Start of Data for analysis

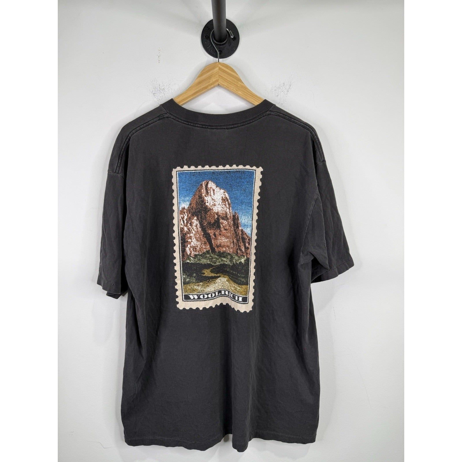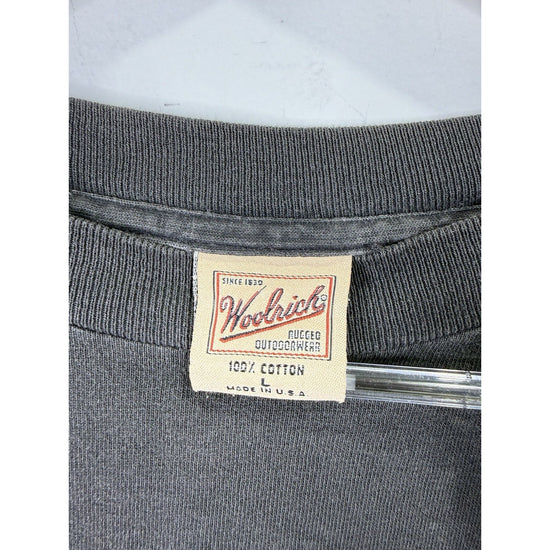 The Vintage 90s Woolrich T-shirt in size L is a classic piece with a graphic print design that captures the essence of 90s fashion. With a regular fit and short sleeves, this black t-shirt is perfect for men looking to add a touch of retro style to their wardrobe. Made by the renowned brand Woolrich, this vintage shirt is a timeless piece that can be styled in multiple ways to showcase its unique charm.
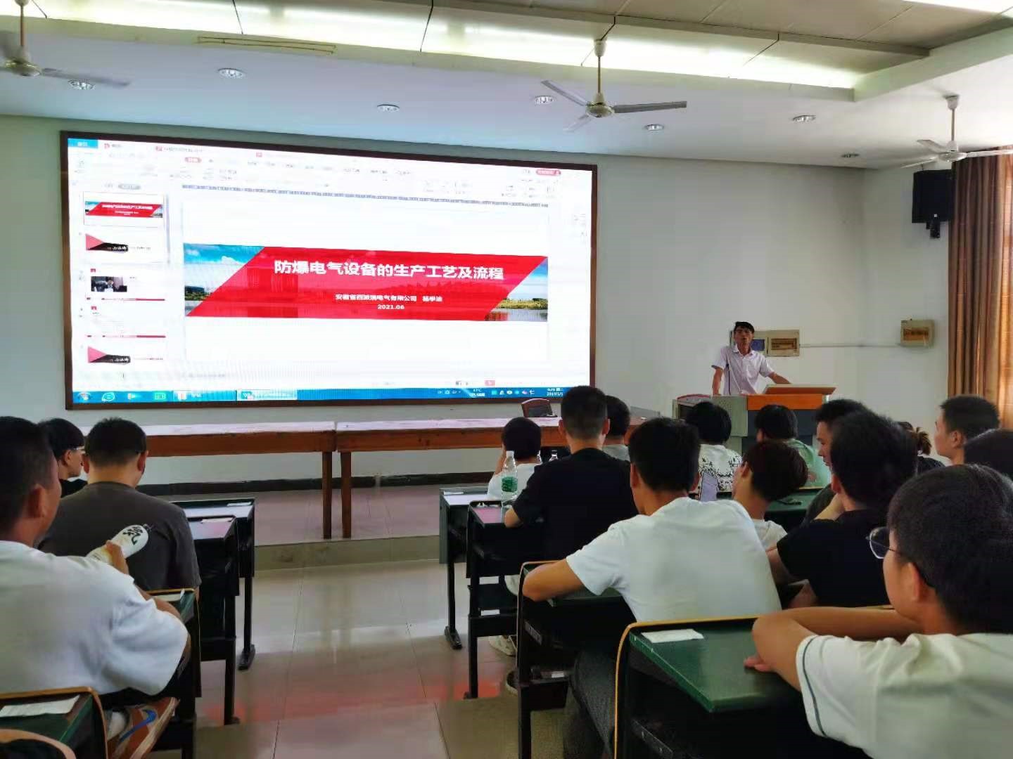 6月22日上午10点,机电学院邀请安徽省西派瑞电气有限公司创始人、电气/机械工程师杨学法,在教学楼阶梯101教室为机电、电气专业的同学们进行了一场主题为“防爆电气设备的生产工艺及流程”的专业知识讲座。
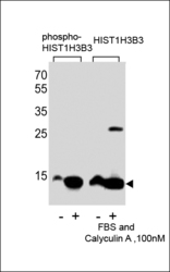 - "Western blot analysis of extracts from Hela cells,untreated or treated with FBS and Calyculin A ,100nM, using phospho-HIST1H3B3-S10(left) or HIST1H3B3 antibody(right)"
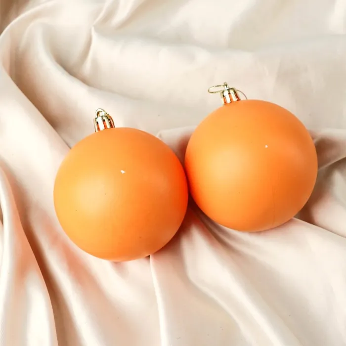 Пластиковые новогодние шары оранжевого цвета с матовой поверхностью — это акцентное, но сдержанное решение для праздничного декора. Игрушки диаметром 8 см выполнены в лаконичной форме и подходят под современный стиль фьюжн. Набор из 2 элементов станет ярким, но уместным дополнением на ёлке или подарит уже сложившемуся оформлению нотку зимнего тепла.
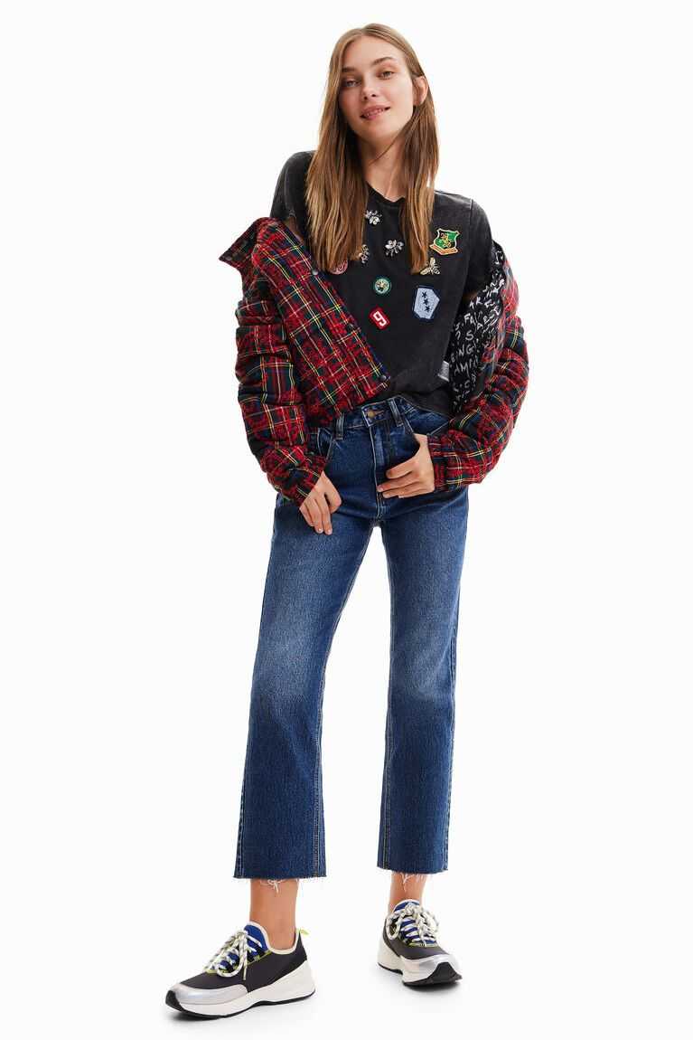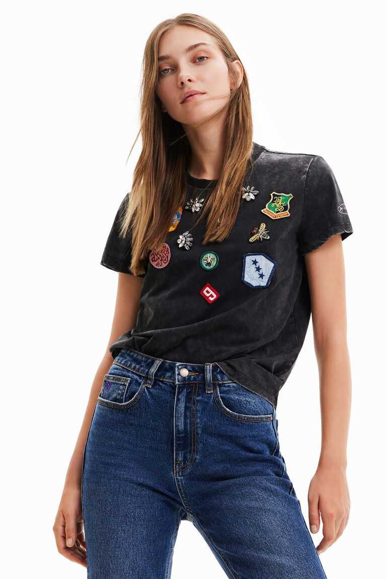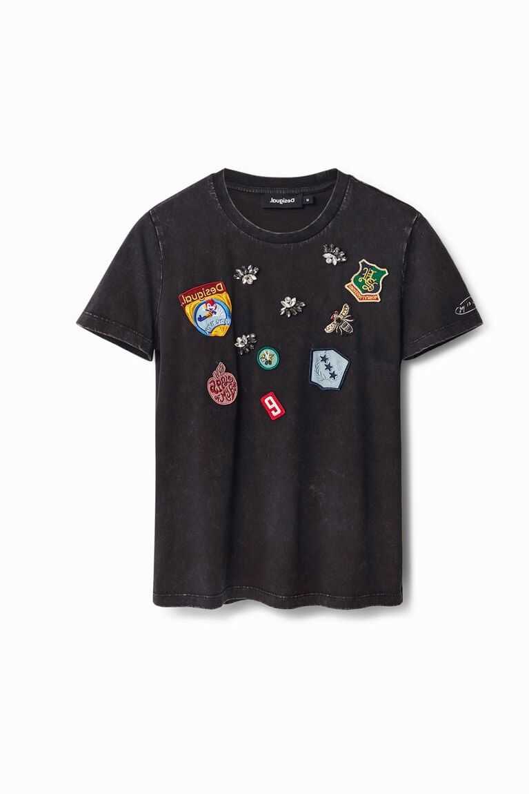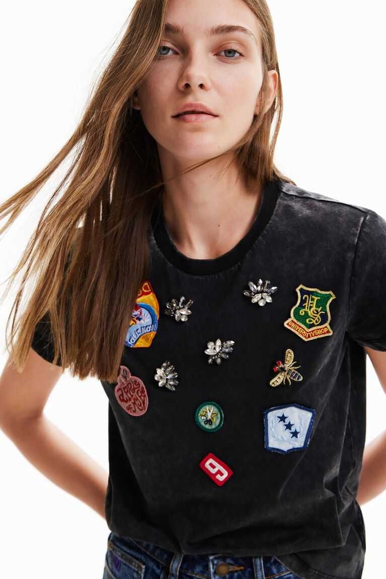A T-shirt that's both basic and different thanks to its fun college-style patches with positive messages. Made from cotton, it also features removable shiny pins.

End of Data for analysis

*Task requirements*: Only the lines from the one containing "Пластиковые новогодние шары" through the last line of the records above should be repeated, exactly and without pictures.

*Task response*:
 Пластиковые новогодние шары оранжевого цвета с матовой поверхностью — это акцентное, но сдержанное решение для праздничного декора. Игрушки диаметром 8 см выполнены в лаконичной форме и подходят под современный стиль фьюжн. Набор из 2 элементов станет ярким, но уместным дополнением на ёлке или подарит уже сложившемуся оформлению нотку зимнего тепла.
A T-shirt that's both basic and different thanks to its fun college-style patches with positive messages. Made from cotton, it also features removable shiny pins.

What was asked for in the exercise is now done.